[What is needed] Find, in the records below, the line that contains "Buste forate realizzate" and the line that contains "ದೆಹಲಿಯಲ್ಲಿ ಏರ್ ಕ್ವಾಲಿಟಿ". Copy those two lines and everything between them exactly, but not the pictures.
*** Excerpted data Section Begins ***
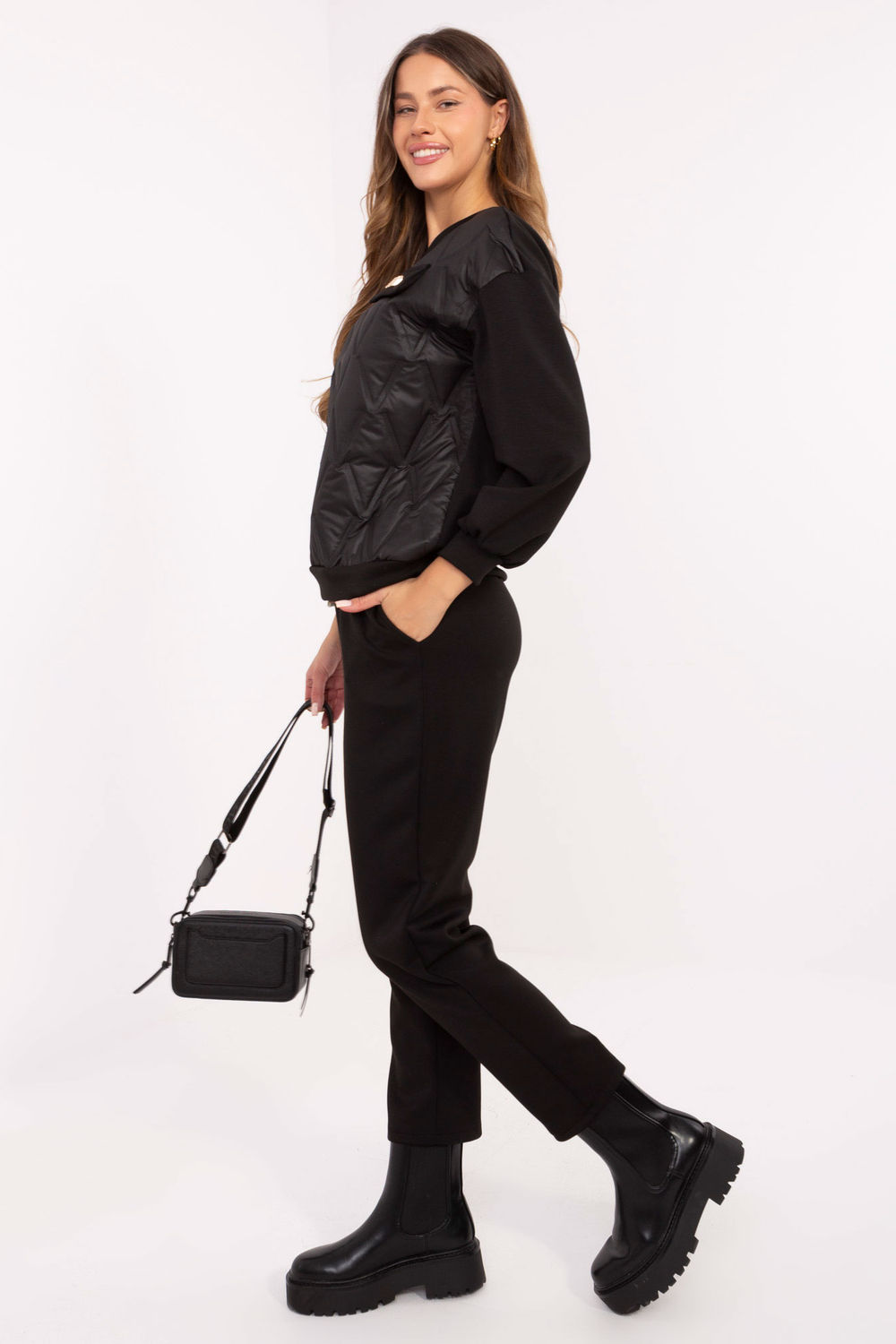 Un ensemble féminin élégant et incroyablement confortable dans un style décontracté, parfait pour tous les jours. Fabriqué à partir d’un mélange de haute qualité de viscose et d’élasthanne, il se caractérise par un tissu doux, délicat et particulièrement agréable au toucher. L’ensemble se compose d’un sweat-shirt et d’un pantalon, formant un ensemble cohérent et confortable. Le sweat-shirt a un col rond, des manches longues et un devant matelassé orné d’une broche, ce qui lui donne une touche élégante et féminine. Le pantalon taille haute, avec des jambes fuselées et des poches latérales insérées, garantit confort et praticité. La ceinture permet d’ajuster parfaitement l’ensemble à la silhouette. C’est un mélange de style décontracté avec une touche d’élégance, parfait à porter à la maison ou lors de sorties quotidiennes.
*** Excerpted data Section Ends ***
*** Excerpted data Section Begins ***
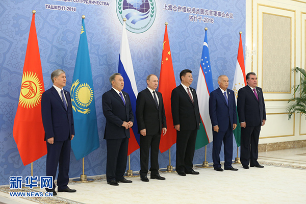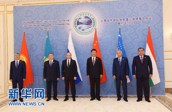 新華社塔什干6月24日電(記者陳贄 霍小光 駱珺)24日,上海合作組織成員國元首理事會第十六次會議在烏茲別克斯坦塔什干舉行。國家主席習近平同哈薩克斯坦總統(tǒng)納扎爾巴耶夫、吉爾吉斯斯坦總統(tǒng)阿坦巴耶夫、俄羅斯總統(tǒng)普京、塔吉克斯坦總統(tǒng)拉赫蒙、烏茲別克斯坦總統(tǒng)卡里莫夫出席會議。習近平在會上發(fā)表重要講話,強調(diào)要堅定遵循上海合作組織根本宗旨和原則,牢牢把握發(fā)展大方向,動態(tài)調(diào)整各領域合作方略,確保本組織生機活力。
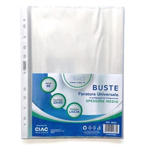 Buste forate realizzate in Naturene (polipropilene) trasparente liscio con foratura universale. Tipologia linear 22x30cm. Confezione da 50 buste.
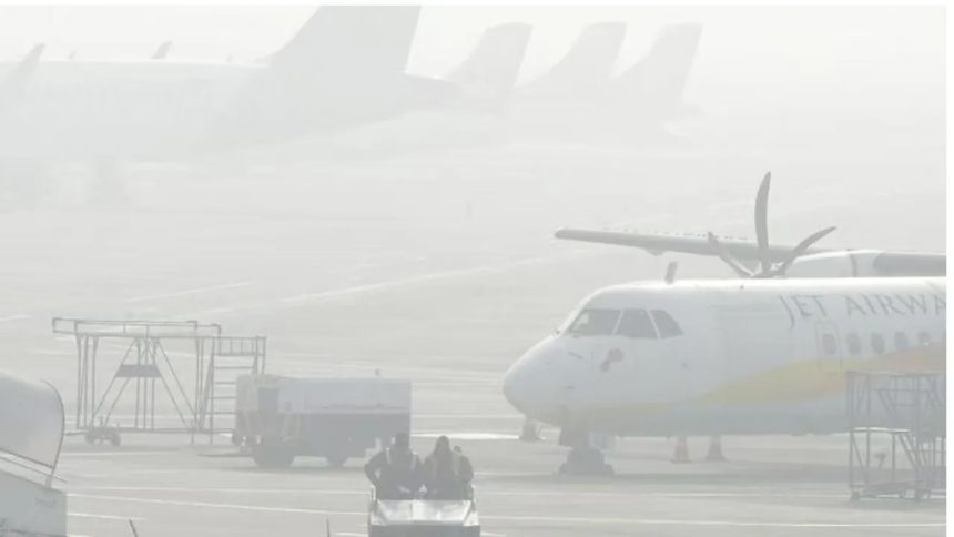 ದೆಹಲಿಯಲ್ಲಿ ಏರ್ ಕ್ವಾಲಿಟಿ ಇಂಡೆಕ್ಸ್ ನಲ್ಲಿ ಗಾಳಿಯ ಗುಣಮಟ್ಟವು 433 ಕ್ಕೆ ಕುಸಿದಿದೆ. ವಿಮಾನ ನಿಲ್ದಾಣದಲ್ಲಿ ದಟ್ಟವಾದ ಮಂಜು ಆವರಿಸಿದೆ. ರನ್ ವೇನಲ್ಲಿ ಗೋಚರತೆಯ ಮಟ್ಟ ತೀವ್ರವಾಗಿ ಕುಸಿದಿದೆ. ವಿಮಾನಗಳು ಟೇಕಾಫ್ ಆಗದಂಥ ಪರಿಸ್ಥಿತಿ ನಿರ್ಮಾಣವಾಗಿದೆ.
*** Excerpted data Section Ends ***
*** Excerpted data Section Begins ***
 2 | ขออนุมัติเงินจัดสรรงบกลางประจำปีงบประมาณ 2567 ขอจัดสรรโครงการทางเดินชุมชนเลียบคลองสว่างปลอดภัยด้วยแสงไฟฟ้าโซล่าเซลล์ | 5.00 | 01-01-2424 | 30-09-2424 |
*** Excerpted data Section Ends ***
[Answer to this task]
 Buste forate realizzate in Naturene (polipropilene) trasparente liscio con foratura universale. Tipologia linear 22x30cm. Confezione da 50 buste.
 ದೆಹಲಿಯಲ್ಲಿ ಏರ್ ಕ್ವಾಲಿಟಿ ಇಂಡೆಕ್ಸ್ ನಲ್ಲಿ ಗಾಳಿಯ ಗುಣಮಟ್ಟವು 433 ಕ್ಕೆ ಕುಸಿದಿದೆ. ವಿಮಾನ ನಿಲ್ದಾಣದಲ್ಲಿ ದಟ್ಟವಾದ ಮಂಜು ಆವರಿಸಿದೆ. ರನ್ ವೇನಲ್ಲಿ ಗೋಚರತೆಯ ಮಟ್ಟ ತೀವ್ರವಾಗಿ ಕುಸಿದಿದೆ. ವಿಮಾನಗಳು ಟೇಕಾಫ್ ಆಗದಂಥ ಪರಿಸ್ಥಿತಿ ನಿರ್ಮಾಣವಾಗಿದೆ.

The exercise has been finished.